For example, things that are currently working just fine on other pfSense hardware platforms (both generic hardware and Netgate appliances) are failing on the 32-bit ARM hardware. It's the same source code, but compiled using a different compiler. The resulting binary code is where the problems are.
Do you think this is possible to fix?
It seems to be a very complex thing to do, right? I mean, problem with the compiler doesn't sound trivial to me..No, it's not a trivial fix. It's also something us package maintainers can't reasonably fix either. IMHO it will require a team effort similar to what was put together to find and fix the first SG-3100 bug with the network traffic stalling (I'm talking about the bug fixed by the 21.02_1 release for SG-3100).

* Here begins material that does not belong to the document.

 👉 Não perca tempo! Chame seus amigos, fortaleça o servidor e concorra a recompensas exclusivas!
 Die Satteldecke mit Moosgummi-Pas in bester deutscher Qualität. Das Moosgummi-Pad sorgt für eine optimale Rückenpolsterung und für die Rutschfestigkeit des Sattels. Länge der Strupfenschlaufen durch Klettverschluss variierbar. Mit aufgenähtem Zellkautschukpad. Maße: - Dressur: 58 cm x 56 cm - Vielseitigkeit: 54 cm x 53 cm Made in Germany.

With Snort and Suricata it's two different bugs. One is the Signal 10 unaligned access violation, and the other is something very funny happening within PHP itself that causes PHP to issue a Signal 11 Segmentation Fault. The PHP bug also appears to impact pfBlockerNG-devel. There are perhaps other impacted packages as well. For the PHP errors, the exact same PHP code runs flawlessly on Intel hardware (both Atom processors and i-series and Xeon chips as well as 64-bit ARM hardware such as aarch64). So the natural assumption to draw from that is the core PHP code is likely okay as it is the same. The difference is the hardware it runs on and the binary code produced by the compiler for that hardware.
-
@bmeeks Thanks bmeeks nice to hear your words about it
It's nice to hear that an effort team has been put together once again, they already showed that they can do it.. just like they did with 21.02p1..

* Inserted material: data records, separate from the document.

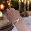 Gül İsmine Özel 14 Ayar Altın Plakalı Turuncu Derili Kelebek Motifli Hediye Bileklik-502isim Gül
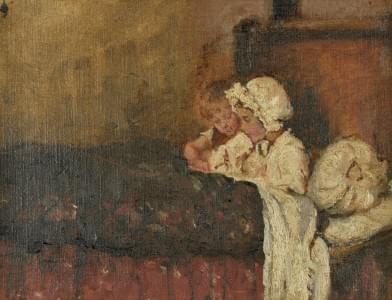 Enfants au lit, huile sur toile signée en bas à droite; 20x27cm
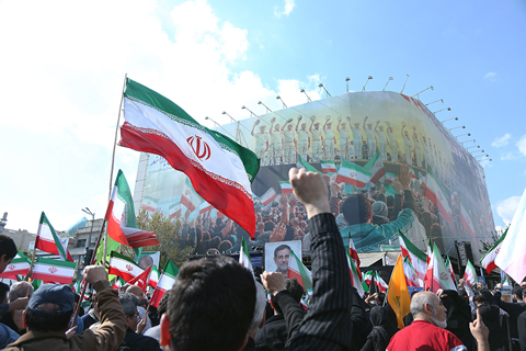 德黑蘭的悲與怒 2026-04-03 03:30:00 ◎ 四月一日,在伊朗首都德黑蘭革命廣場,民眾參加為伊朗伊斯蘭革命衛隊海軍司令坦格西里、伊朗武裝部隊總參謀長顧問賈姆希德.埃哈基及伊朗武裝部隊軍事人員舉行的告別儀式。(新華社記者 沙達提 攝)
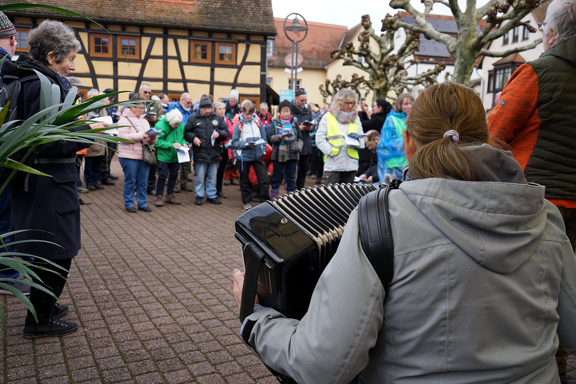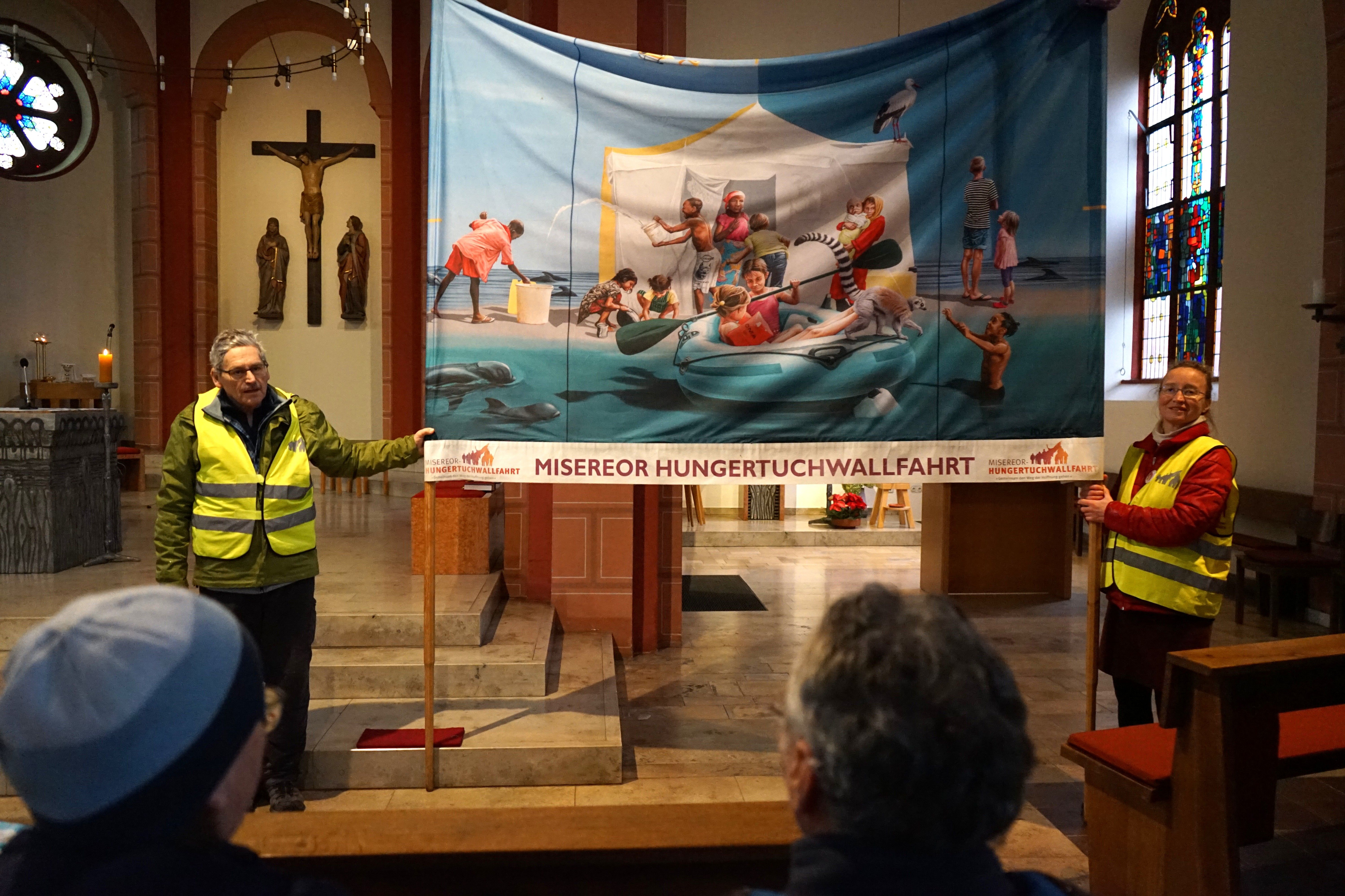 Herzlicher Empfang der Pilgerinnen und Pilger der Misereor-Hungertuchwallfahrt in Hofheim
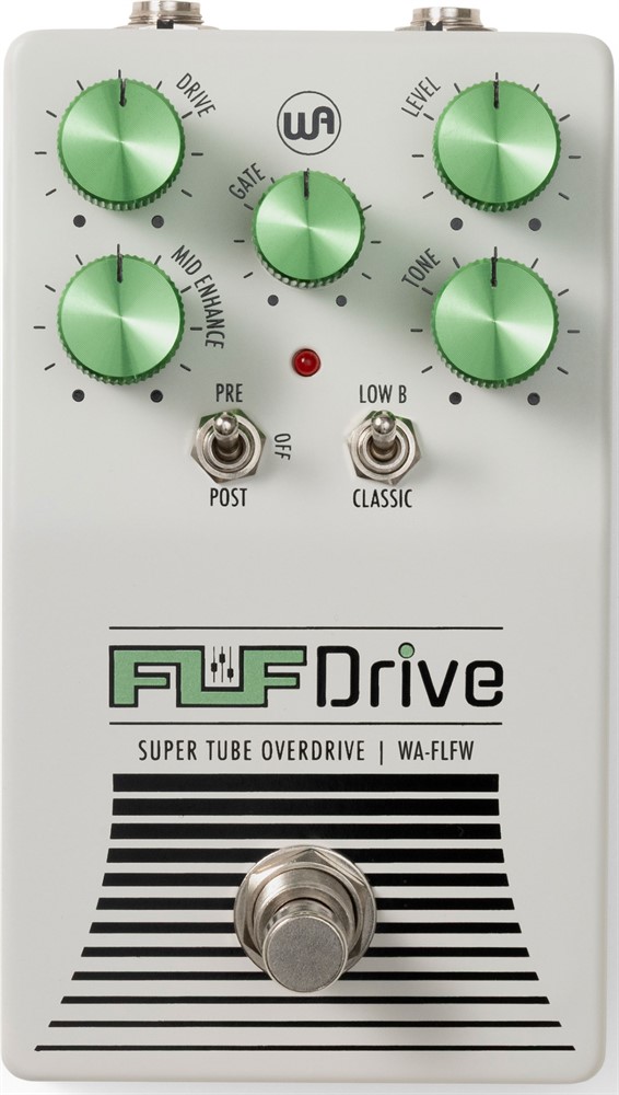 Fluff Drive kombinerer modifisert low boost, valgbar plassering av mid-enhance før eller etter gain-trinnet, samt en variabel noise gate. Dette gir fleksibilitet til å forme signalet presist, enten målet er å stramme opp en rørforsterker eller legge til definert og aggressiv overdrive i et high-gain-oppsett. Noise gate-funksjonen bidrar til redusert støy i krevende signalveier.
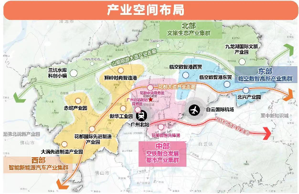 白云国际机场、广州北站以及广州国际港(广州铁路集装箱中心站)三大交通枢纽,国内外通航点240多个,21条轨道交通和19条高快速路,具有世界级的综合交通聚合形态和枢纽功能。

I wish I could help, but unfortunately I don't have any skills in developing..
Maybe I'll downgrade to 2.4.5p1, that is always an option too.. It was working perfectly.

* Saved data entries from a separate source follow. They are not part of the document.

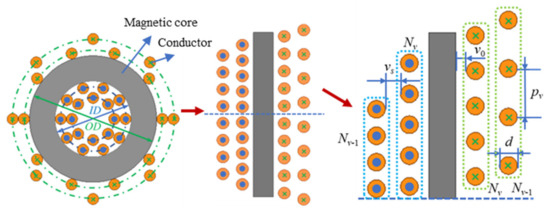 When using Ferreira’s method to calculate the loop magnetic field, the interlayer magnetic field may be overestimated. Therefore, we took into account the porosity parameter of the winding layers and corrected Ferreira’s method [34,41]. The modified Ferreira’s method is employed to calculate the AC losses of the solid round wire winding of the conventional structure (non-toroidal structure) [42]:
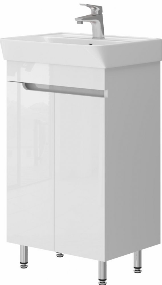 Designová skříňka včetně umyvadla v provedení na nožičkách se hodí do jakékoliv stylové koupelny. Skříňka obsahuje dvoje dvířka. Skříňka neobsahuje úchyty, jejich funkci plní speciální frézování na povrchu skříňky. Skříňka je určena k instalaci na podlahu, má však také přídavné uchycení na stěnu. Umyvadlo, které je součástí skříňky, je vyrobeno z vysoce kvalitní keramiky.
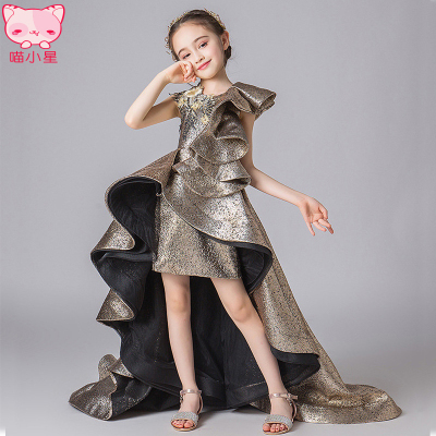 4 cô gái váy vàng công chúa váy 5 đuôi 6 mẫu catwalk trình diễn trang phục 6 cô bé váy sequin dạ hội 12 tuổi - Váy trẻ em váy xòe cho bé gái
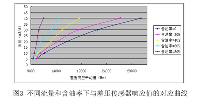 固(gu)定節流(liú)孔(即出(chū)液孔)寬(kuan)度爲5mm,在(zai)油水兩(liǎng)相流時(shí),打開集(ji)流器👅集(ji)流,改變(bian)總流量(liang)和含油(you)率,差壓(yā)傳感器(qi)的響🏃♀️應(yīng)值如圖(tú)3所示。
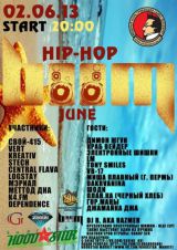 BooM & МОДНЫЙ КЛУБ ГРИБОЕДОВ представляют серию HIP-HOP тусовок “BooM”. Вас ожидает приятная атмосфера, только качественная музыка, конкурсная программа молодых команд и МС, определение одного лучшего каждый месяц, плюс выступление динозавров отечественной RAP музыки.

What I don't know is if the packages will still work in 2.4.5p1, like pfblockerng 3.0.0_15 for instance, that will be released within a few days.. Do you think it will run in 2.4.5p1? Or the new releases will only be for the 21.02?
-
@mcury said in sg-3100 upgrade failure to 21.02-p1:
@bmeeks Thanks bmeeks nice to hear your words about it
It's nice to hear that an effort team has been put together once again, they already showed that they can do it.. just like they did with 21.02p1..
I don't mean to imply a team exists for that work. I have no idea. I am not affiliated with Netgate. I am just a volunteer package creator/maintainer. I don't even know if the Snort and Suricata tickets are being actively worked. I did the initial troubleshooting, but then hit my limit.
What I don't know is if the packages will still work in 2.4.5p1, like pfblockerng 3.0.0_15 for instance, that will be released within a few days.. Do you think it will run in 2.4.5p1? Or the new releases will only be for the 21.02?
No, updated package code will not generally be backported into the older repos. The whole point of the older repo is it contains older versions of everything such as shared libraries and such used by the older packages.
So you will find whatever Snort, Suricata and pfBlockerNG-devel versions were "current" when 2.4.5 was current if you downgrade. And there will be no updates from there, unless some extraordinary circumstance occured and the pfSense team elected to backport something.
-
@bmeeks Nice, thanks again